General“Sweet sampling for sweet returns” in cane land

BELIZE CITY, Thurs. Apr. 26, 2018– In ordinary times the sugarcane industry has its ups and downs, its boom and busts. At different times King Sugar has been challenged by world prices, and pests, and productivity. Belize does not dictate world prices, and in the best of managements, pests will become a problem in a monoculture.

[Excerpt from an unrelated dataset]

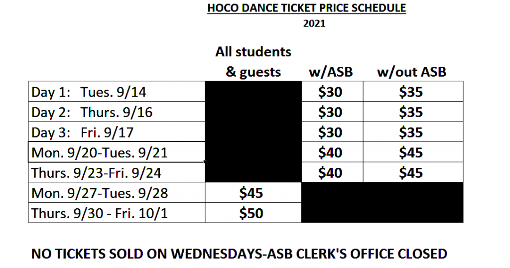Homecoming is a dance for all grade levels. It will be held on Saturday October 2nd. This long-awaited dance is finally around the corner and tickets go on sale starting on 9/14. (See pricing below). They will be discounted for the first couple of days. Our event will be hosted outdoors, on campus. It will be safe, lots of fun and memorable.

For decades the Ministry of Agriculture, BSI (Belize Sugar Industries), and the Cane Farmers Association(s), have been working to help farmers to improve their crop management, with the primary objective of increasing the productivity of Belize’s cane fields. There are presently some 60,000 or so acres of sugarcane in the Corozal and Orange Walk districts, and Belize has known for a long time that the biggest challenge yet to our 5,000 sugarcane farmers was ahead — that being open market competition with European farmers and their beet sugar.

For a long time the African/Caribbean/Pacific (ACP) countries have enjoyed some protection for their sugar and bananas when they traded in Europe. But to comply with international trade agreements, especially with the USA, European countries have had to remove tariffs that gave the ACPs a slight advantage.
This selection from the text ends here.